### PROMPT
The entries that follow must be given again exactly, with the pictures excluded.

[Collected data entries]
_ _ _ _ _

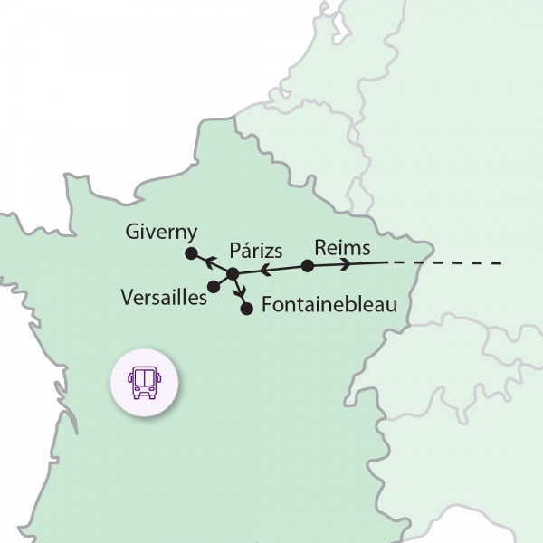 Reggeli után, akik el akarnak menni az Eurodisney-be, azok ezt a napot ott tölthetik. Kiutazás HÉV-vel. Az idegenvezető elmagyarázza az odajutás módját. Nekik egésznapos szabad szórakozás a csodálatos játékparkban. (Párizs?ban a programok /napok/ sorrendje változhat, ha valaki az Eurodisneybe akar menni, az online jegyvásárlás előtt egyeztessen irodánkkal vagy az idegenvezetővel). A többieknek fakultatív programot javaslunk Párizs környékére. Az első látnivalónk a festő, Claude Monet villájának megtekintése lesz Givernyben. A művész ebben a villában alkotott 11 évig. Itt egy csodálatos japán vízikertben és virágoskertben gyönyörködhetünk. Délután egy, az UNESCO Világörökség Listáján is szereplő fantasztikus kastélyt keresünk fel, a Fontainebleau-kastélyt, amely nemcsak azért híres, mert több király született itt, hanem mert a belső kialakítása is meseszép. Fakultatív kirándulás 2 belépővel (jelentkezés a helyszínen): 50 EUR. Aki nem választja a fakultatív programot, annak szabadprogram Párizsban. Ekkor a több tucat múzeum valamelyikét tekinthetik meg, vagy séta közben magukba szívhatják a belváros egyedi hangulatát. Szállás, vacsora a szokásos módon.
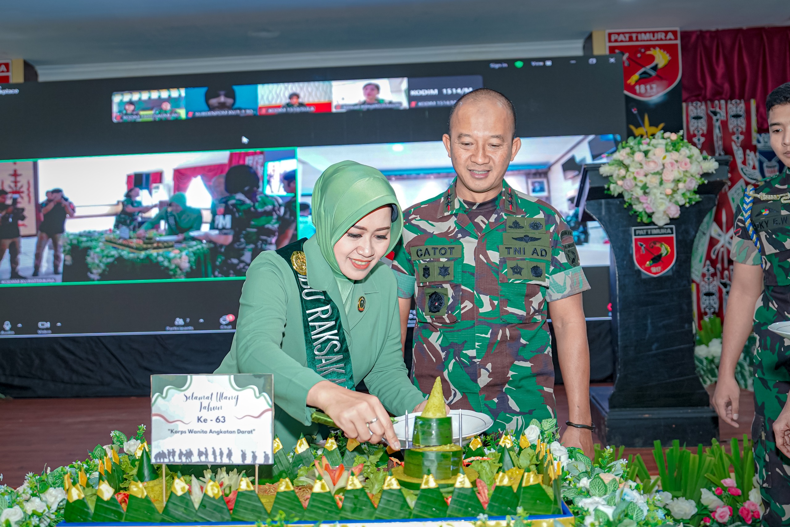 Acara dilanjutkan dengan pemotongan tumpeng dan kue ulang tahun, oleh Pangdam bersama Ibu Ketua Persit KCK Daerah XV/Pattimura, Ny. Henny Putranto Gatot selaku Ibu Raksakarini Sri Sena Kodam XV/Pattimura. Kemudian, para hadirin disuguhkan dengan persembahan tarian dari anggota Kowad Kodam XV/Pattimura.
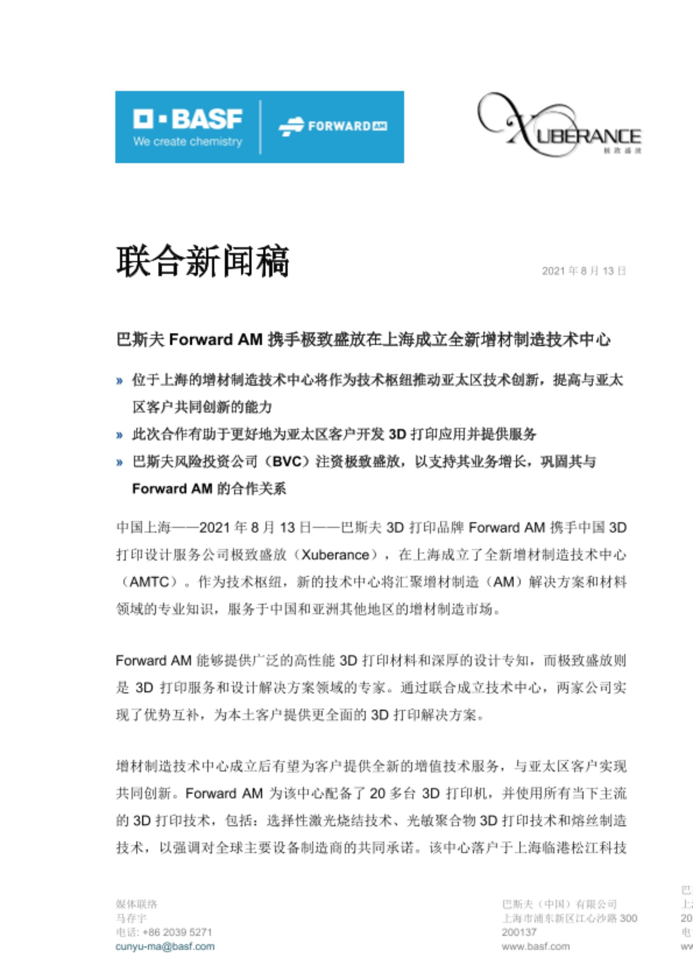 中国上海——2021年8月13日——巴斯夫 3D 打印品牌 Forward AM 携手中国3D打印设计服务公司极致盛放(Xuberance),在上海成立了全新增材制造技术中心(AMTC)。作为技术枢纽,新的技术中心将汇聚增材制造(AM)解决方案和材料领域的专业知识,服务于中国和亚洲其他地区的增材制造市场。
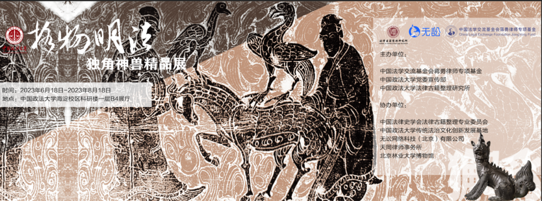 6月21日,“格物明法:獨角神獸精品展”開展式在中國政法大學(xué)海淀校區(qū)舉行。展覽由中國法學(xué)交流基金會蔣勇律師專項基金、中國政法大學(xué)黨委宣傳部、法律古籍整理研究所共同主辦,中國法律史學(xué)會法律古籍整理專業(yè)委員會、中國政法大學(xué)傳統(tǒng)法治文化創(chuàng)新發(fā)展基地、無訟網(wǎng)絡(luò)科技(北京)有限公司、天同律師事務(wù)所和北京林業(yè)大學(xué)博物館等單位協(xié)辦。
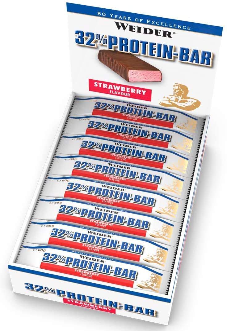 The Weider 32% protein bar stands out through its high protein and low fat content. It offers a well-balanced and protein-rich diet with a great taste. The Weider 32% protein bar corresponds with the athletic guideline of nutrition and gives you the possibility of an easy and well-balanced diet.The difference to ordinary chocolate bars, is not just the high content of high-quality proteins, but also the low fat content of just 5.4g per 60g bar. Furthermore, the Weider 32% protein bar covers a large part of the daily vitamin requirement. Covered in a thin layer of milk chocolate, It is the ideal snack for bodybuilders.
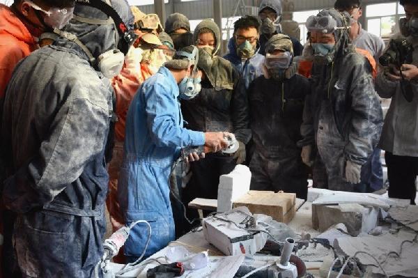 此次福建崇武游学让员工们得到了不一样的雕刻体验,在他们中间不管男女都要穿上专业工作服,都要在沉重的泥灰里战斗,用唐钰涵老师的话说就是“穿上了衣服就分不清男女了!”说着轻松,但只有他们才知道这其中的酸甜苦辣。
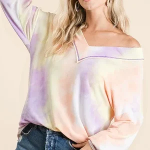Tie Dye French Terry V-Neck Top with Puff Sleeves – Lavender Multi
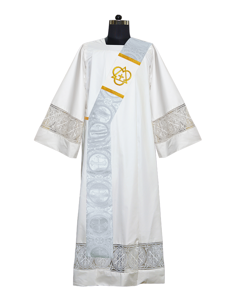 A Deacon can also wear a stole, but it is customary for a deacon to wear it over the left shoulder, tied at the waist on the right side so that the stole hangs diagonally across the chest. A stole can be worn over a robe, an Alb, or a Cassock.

_ _ _ _ _

### ANSWER SPACE
 Reggeli után, akik el akarnak menni az Eurodisney-be, azok ezt a napot ott tölthetik. Kiutazás HÉV-vel. Az idegenvezető elmagyarázza az odajutás módját. Nekik egésznapos szabad szórakozás a csodálatos játékparkban. (Párizs?ban a programok /napok/ sorrendje változhat, ha valaki az Eurodisneybe akar menni, az online jegyvásárlás előtt egyeztessen irodánkkal vagy az idegenvezetővel). A többieknek fakultatív programot javaslunk Párizs környékére. Az első látnivalónk a festő, Claude Monet villájának megtekintése lesz Givernyben. A művész ebben a villában alkotott 11 évig. Itt egy csodálatos japán vízikertben és virágoskertben gyönyörködhetünk. Délután egy, az UNESCO Világörökség Listáján is szereplő fantasztikus kastélyt keresünk fel, a Fontainebleau-kastélyt, amely nemcsak azért híres, mert több király született itt, hanem mert a belső kialakítása is meseszép. Fakultatív kirándulás 2 belépővel (jelentkezés a helyszínen): 50 EUR. Aki nem választja a fakultatív programot, annak szabadprogram Párizsban. Ekkor a több tucat múzeum valamelyikét tekinthetik meg, vagy séta közben magukba szívhatják a belváros egyedi hangulatát. Szállás, vacsora a szokásos módon.
 Acara dilanjutkan dengan pemotongan tumpeng dan kue ulang tahun, oleh Pangdam bersama Ibu Ketua Persit KCK Daerah XV/Pattimura, Ny. Henny Putranto Gatot selaku Ibu Raksakarini Sri Sena Kodam XV/Pattimura. Kemudian, para hadirin disuguhkan dengan persembahan tarian dari anggota Kowad Kodam XV/Pattimura.
 中国上海——2021年8月13日——巴斯夫 3D 打印品牌 Forward AM 携手中国3D打印设计服务公司极致盛放(Xuberance),在上海成立了全新增材制造技术中心(AMTC)。作为技术枢纽,新的技术中心将汇聚增材制造(AM)解决方案和材料领域的专业知识,服务于中国和亚洲其他地区的增材制造市场。
 6月21日,“格物明法:獨角神獸精品展”開展式在中國政法大學(xué)海淀校區(qū)舉行。展覽由中國法學(xué)交流基金會蔣勇律師專項基金、中國政法大學(xué)黨委宣傳部、法律古籍整理研究所共同主辦,中國法律史學(xué)會法律古籍整理專業(yè)委員會、中國政法大學(xué)傳統(tǒng)法治文化創(chuàng)新發(fā)展基地、無訟網(wǎng)絡(luò)科技(北京)有限公司、天同律師事務(wù)所和北京林業(yè)大學(xué)博物館等單位協(xié)辦。
 The Weider 32% protein bar stands out through its high protein and low fat content. It offers a well-balanced and protein-rich diet with a great taste. The Weider 32% protein bar corresponds with the athletic guideline of nutrition and gives you the possibility of an easy and well-balanced diet.The difference to ordinary chocolate bars, is not just the high content of high-quality proteins, but also the low fat content of just 5.4g per 60g bar. Furthermore, the Weider 32% protein bar covers a large part of the daily vitamin requirement. Covered in a thin layer of milk chocolate, It is the ideal snack for bodybuilders.
 此次福建崇武游学让员工们得到了不一样的雕刻体验,在他们中间不管男女都要穿上专业工作服,都要在沉重的泥灰里战斗,用唐钰涵老师的话说就是“穿上了衣服就分不清男女了!”说着轻松,但只有他们才知道这其中的酸甜苦辣。
Tie Dye French Terry V-Neck Top with Puff Sleeves – Lavender Multi
 A Deacon can also wear a stole, but it is customary for a deacon to wear it over the left shoulder, tied at the waist on the right side so that the stole hangs diagonally across the chest. A stole can be worn over a robe, an Alb, or a Cassock.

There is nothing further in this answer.